Buffalo and Blue Cheese Stuffed Mushrooms


Here is another recipe that I made for my wife’s party, partly to “clean it out” of my stash. This comes from a magazine (sadly, I can no longer remember which one) and it has been sitting around since about Easter. Making stuffed mushrooms just isn’t something you make for a random dinner so I needed a larger party to make them.

Ultimately, I think these turned out very well. They had just the right amount of heat although some had a little bit more depending on how much of the sauce wound up in each mushroom.

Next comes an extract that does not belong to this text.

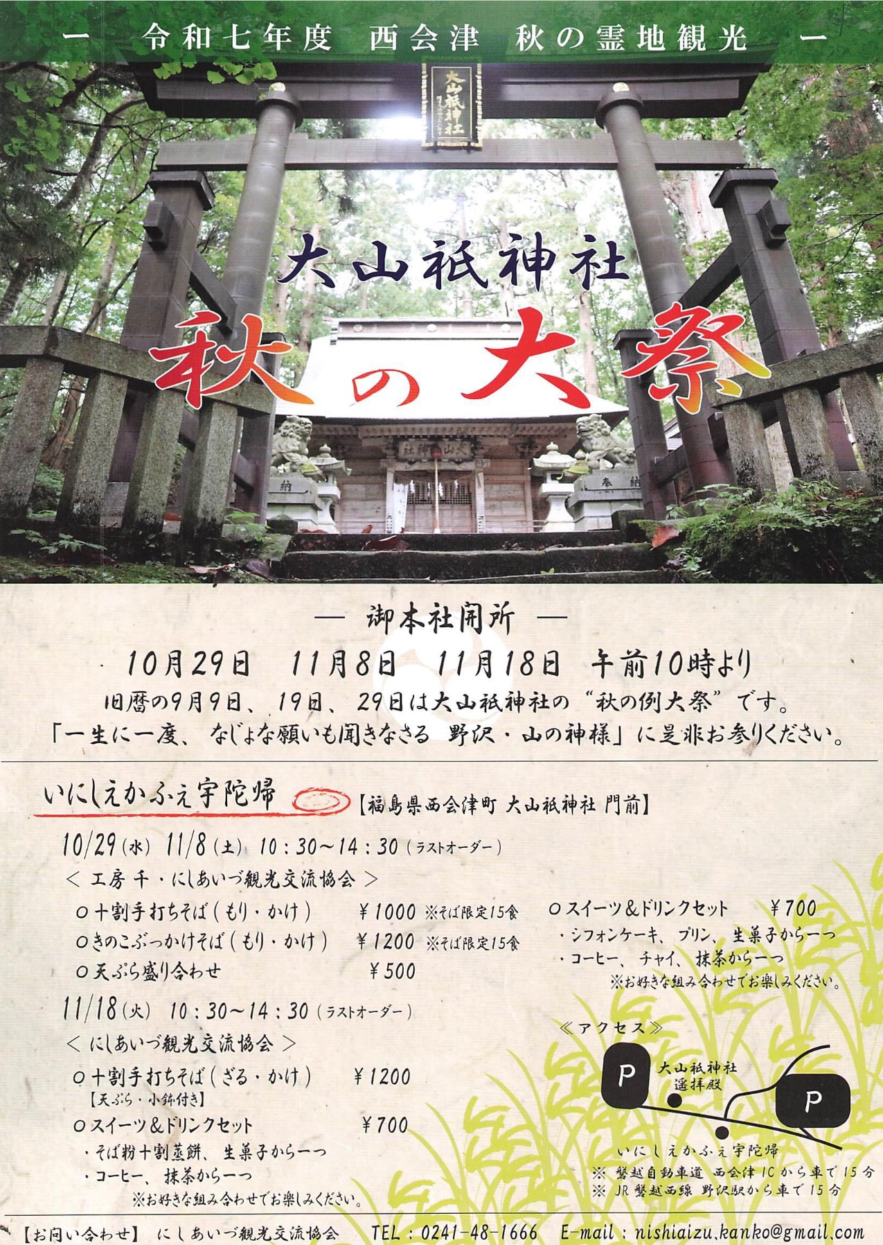 霊験あらたかな野沢・大山祇神社で行われる秋の例大祭。旧暦9月の祭日に合わせ、10月29日・11月8日・11月18日に執り行われます。参拝とともに、門前ではそば打ち体験やスイーツセットなど地元の味覚も楽しめます。

While you mix it up very well, I think the blue cheese, which has varying shapes of crumbles, hindered the mixing process a little bit resulting in some having more or less. But, it worked out.

I can take or leave the extra bread crumbs on the top (it does call for Panko but I used plain bread crumbs). It wasn’t bad but I think you could just as easily leave it off.

The recipe calls for 20 mushrooms and tells you to take two and chop them up for the filling. Simple math tells you that this then makes 18 stuffed mushrooms. Well, I wound up making about 24 and that didn’t include chopping any up and I still had some of the filling left over. I started out being a little picky on which ones I was going to use and had about 16 or so that were pretty good for filling up. So, I chopped up the stems from those and combined those with the onion (again, it called for shallots but, come on, using an onion is just so much easier). Those mushroom stems, along with everything else wound up being enough filling for about 24 mushrooms. AND, I still had a little bit left over. So keep that in mind when making. It seems a little goes along way.

Here is the recipe as written in the magazine.

20 button mushrooms
3/4 cup chopped shallots
2 TBSP butter
1/2 pound crumbled blue cheese
1/4 cup hot sauce
1/2 cup Panko, plus more for the topping

Preheat oven to 375 degrees. Clean mushrooms and remove stems. Chop the stems and two of the mushrooms. Chop the shallots. Melt butter in a pan over medium heat. Add shallots and sauté until translucent. Add the mushrooms and sauté until soft. Remove the pan from the heat and stir in the hot sauce, blue cheese and Panko. Stir until smooth.

Brush a cookie sheet with olive oil. Arrange mushrooms on the sheet and fill each with a spoonful of the filling, letting it mound slightly. Sprinkle the mushrooms with Panko. Bake for 18-20 minutes or until the mushrooms are soft. Serve with additional hot sauce if desired.